* WHAT TO PRODUCE *
Retype exactly the lines from the one containing "Рука молодой женщины, рисующей" through the last line of the records below, including both, and leave out any pictures.

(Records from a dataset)
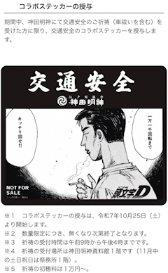 昨日から神田明神とイニシャルDがコラボしてるみたいです😳🫶🏻 ステッカーほしいな。。。パソコンに貼りたいです!🥺 ご祈祷しなければもらえないみたいですね🙏 どうしましょう〜✨🥺車持ってないんだけどなあ
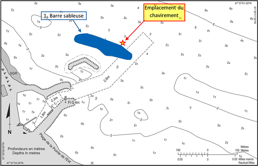 Avant l'ouverture de la saison de pêche au homard 2017, le MPO avait installé une bouée repère d'engin de pêche temporaire au sud de la barre sableuse pour indiquer ce danger. La bouée temporaire est demeurée en place pendant 1 ou 2 jours avant d'être emportée par la mer. Au moment de l'événement, cette bouée temporaire n'était plus en place pour indiquer la limite sud de la barre sableuse dangereuse.
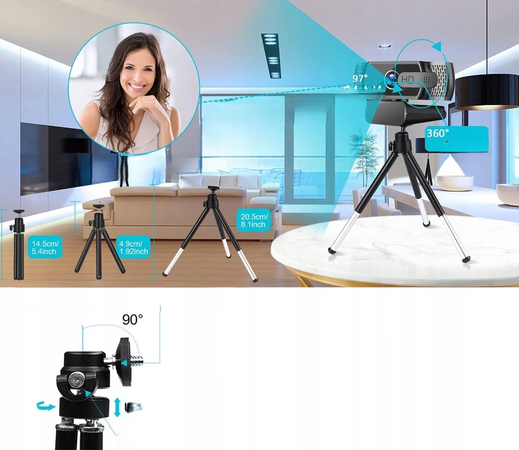 - ✅ Широкий угол 90° - удобный кадр для встреч и вебинаров.
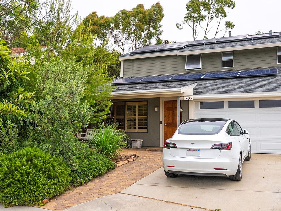 Experience the joys of sustainable living in Cardiff-by-the-Sea. Unleash your culinary creativity with an array of fresh herbs and the opportunity to pick your own pomegranates, apples, passion fruits, lemons, and more. Enjoy a true farm-to-table experience from the lush, food-forest front yard. Share this peaceful space with birds and butterflies, and nurture your green thumb in the garden boxes. This home is equipped for sustainable living with a 4.2 kWh solar system, laundry line, and rain barrels. It features four bedrooms, two and a half baths, and is located on a quiet cul-de-sac. Enjoy access to a 26-acre private canyon and a community pool. The beach, restaurants, and grocery stores are just a mile away. The spacious and functional floor plan includes stainless steel kitchen appliances, cork flooring in the living room, and bamboo flooring throughout the second story. Additionally, there's a bonus shed for extra storage. NOTE: To all applicants, To assist you and achieve better results, please read the following before requesting a viewing appointment: To qualify for renting this house, you must earn at least three times the monthly rent, which is $15,000 per month. A rental application must be submitted on the Zillow platform before we schedule an appointment. No exceptions, please. Thank you. NO SMOKING, No Cats, small dogs are ok will collect a pet deposit. Renter pays for SDG&E, Water.
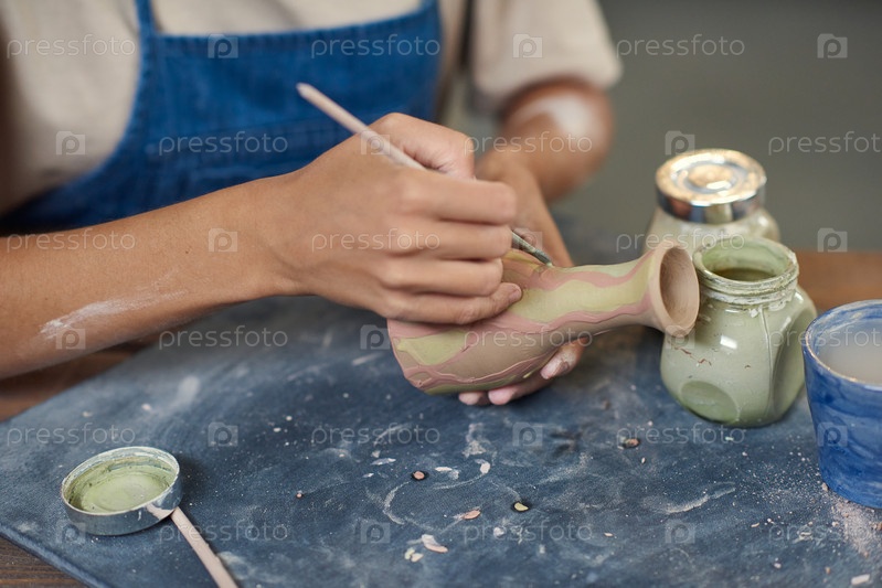 Рука молодой женщины, рисующей розовые полосы на ручной кружке
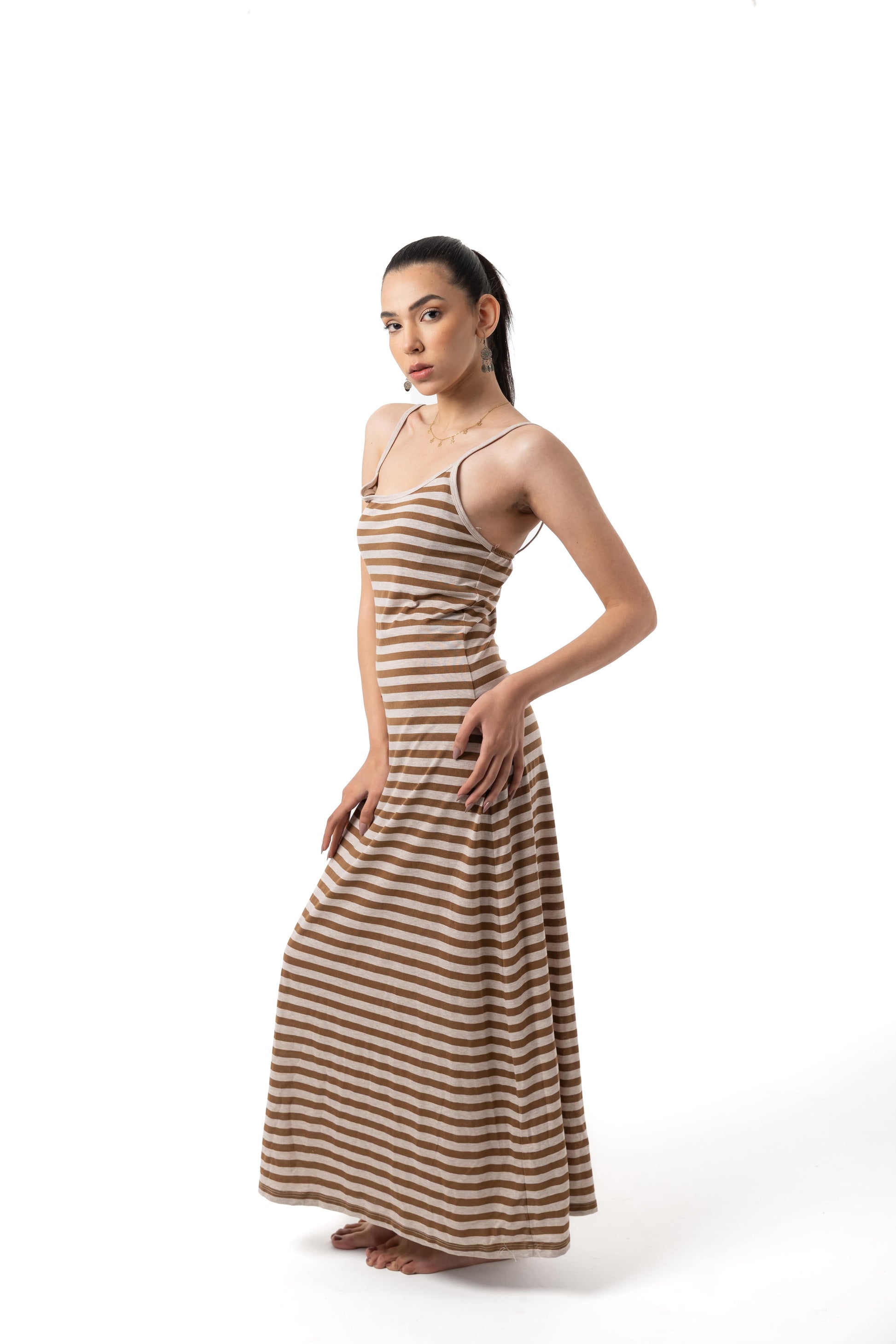 استمتعي بالراحة المطلقة مع فستان النوم المخطط المريح. مصمم للاسترخاء، يتميز هذا الفستان الطويل بنقشة مخططة كلاسيكية وإحساس ناعم وخفيف على البشرة. مصنوع من مزيج 50% قطن و50% بوليستر، ليكون الخيار الأمثل للاسترخاء أو النوم براحة تامة.
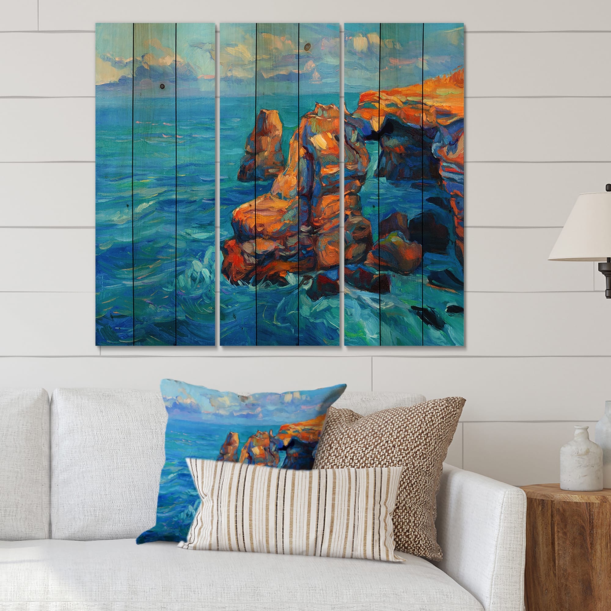Designart 'Cliffs By the Blue Ocean' Nautical & Coastal Print on Natural Pine Wood - 3 Panels
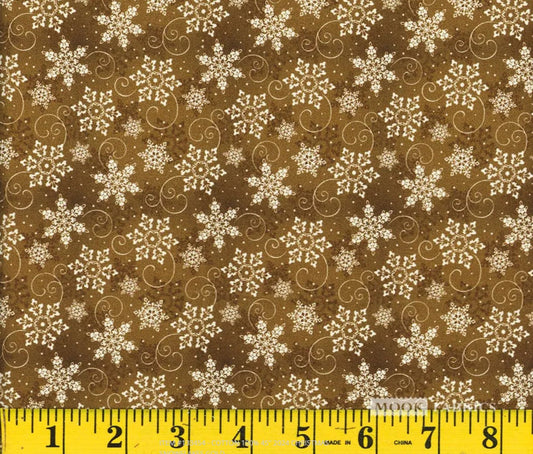 Mook Fabrics Christmas Snowflakes on Blended Gold 100% Cotton Fabric By the yard
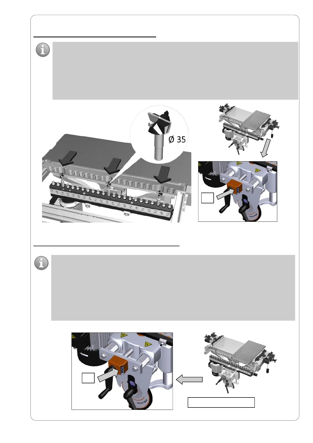 MOUNT THE 35mm O.D. TOOL MAX ONLY IN THE 3 SPECIAL POSITIONS ON THE MACHINE

* REPLY TO THE TASK *
 Рука молодой женщины, рисующей розовые полосы на ручной кружке
 استمتعي بالراحة المطلقة مع فستان النوم المخطط المريح. مصمم للاسترخاء، يتميز هذا الفستان الطويل بنقشة مخططة كلاسيكية وإحساس ناعم وخفيف على البشرة. مصنوع من مزيج 50% قطن و50% بوليستر، ليكون الخيار الأمثل للاسترخاء أو النوم براحة تامة.
Designart 'Cliffs By the Blue Ocean' Nautical & Coastal Print on Natural Pine Wood - 3 Panels
 Mook Fabrics Christmas Snowflakes on Blended Gold 100% Cotton Fabric By the yard
 MOUNT THE 35mm O.D. TOOL MAX ONLY IN THE 3 SPECIAL POSITIONS ON THE MACHINE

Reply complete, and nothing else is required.